| TASK |
Look below for the line with "epa04263388 Soccer fans" and the line with "Raspored prostorija na"; repeat exactly those two lines and all lines between them, but no pictures.

| EXTRACTED INFORMATION |
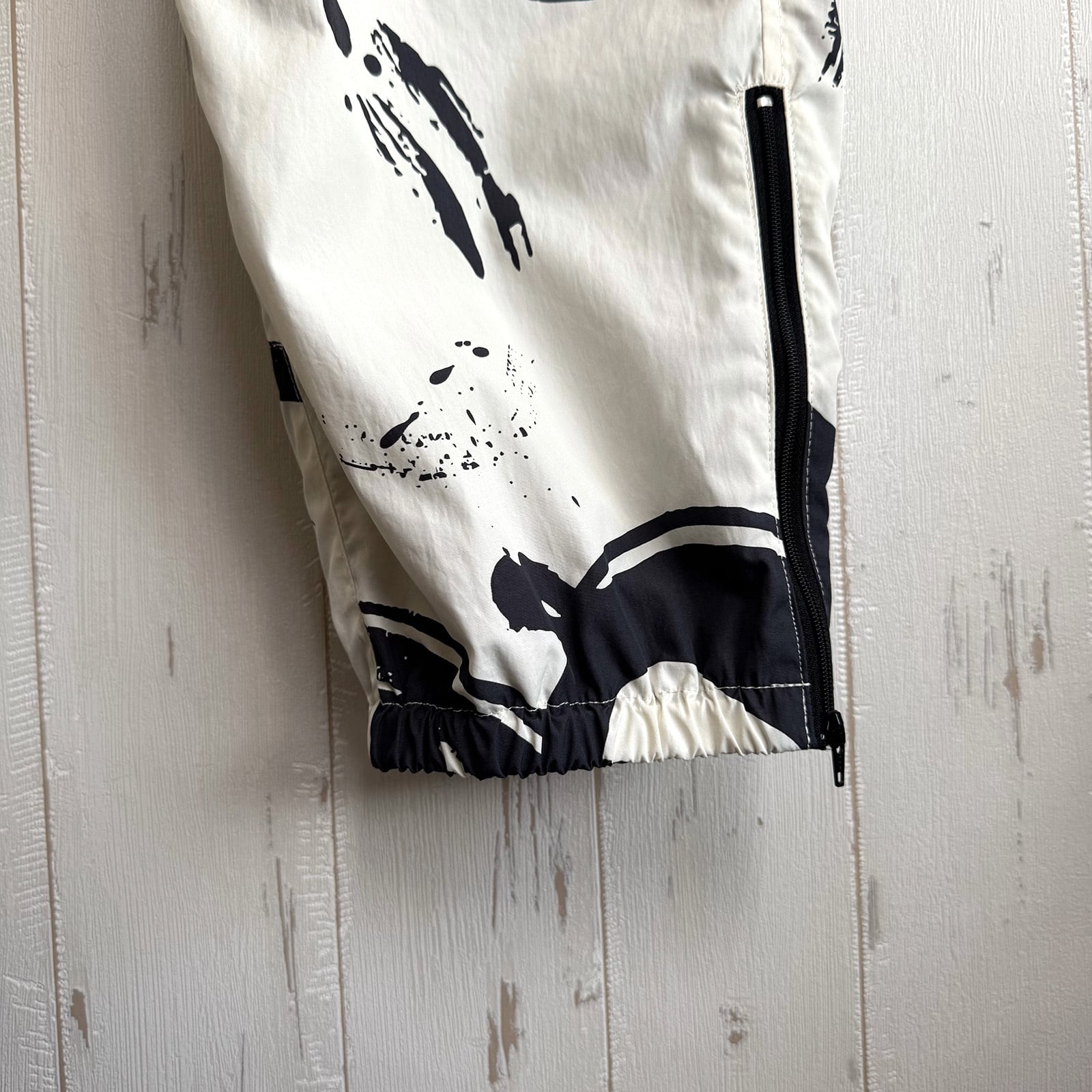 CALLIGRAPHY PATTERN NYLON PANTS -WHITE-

---

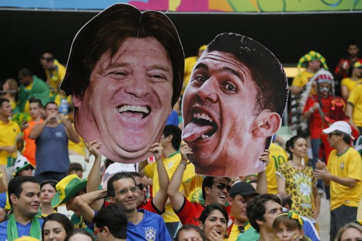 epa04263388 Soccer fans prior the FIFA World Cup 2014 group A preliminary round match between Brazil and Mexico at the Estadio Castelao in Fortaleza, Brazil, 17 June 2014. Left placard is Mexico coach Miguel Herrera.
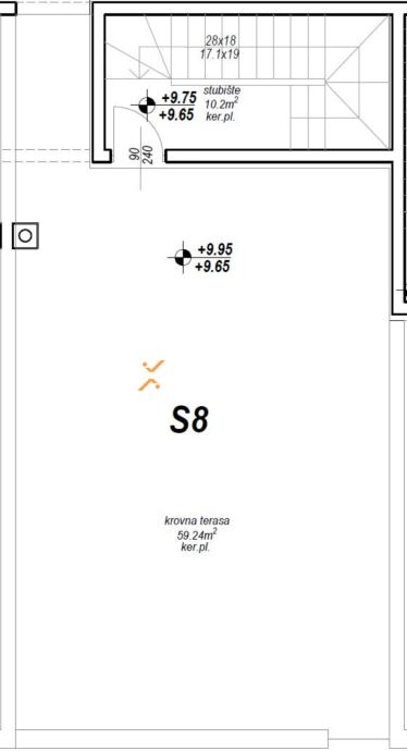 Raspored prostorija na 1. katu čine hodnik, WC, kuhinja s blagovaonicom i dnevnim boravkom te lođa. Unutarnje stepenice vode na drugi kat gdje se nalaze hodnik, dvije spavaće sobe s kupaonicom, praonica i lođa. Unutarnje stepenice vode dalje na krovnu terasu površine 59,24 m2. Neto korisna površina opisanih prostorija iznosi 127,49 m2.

| EXERCISE SOLUTION |
 epa04263388 Soccer fans prior the FIFA World Cup 2014 group A preliminary round match between Brazil and Mexico at the Estadio Castelao in Fortaleza, Brazil, 17 June 2014. Left placard is Mexico coach Miguel Herrera.
 Raspored prostorija na 1. katu čine hodnik, WC, kuhinja s blagovaonicom i dnevnim boravkom te lođa. Unutarnje stepenice vode na drugi kat gdje se nalaze hodnik, dvije spavaće sobe s kupaonicom, praonica i lođa. Unutarnje stepenice vode dalje na krovnu terasu površine 59,24 m2. Neto korisna površina opisanih prostorija iznosi 127,49 m2.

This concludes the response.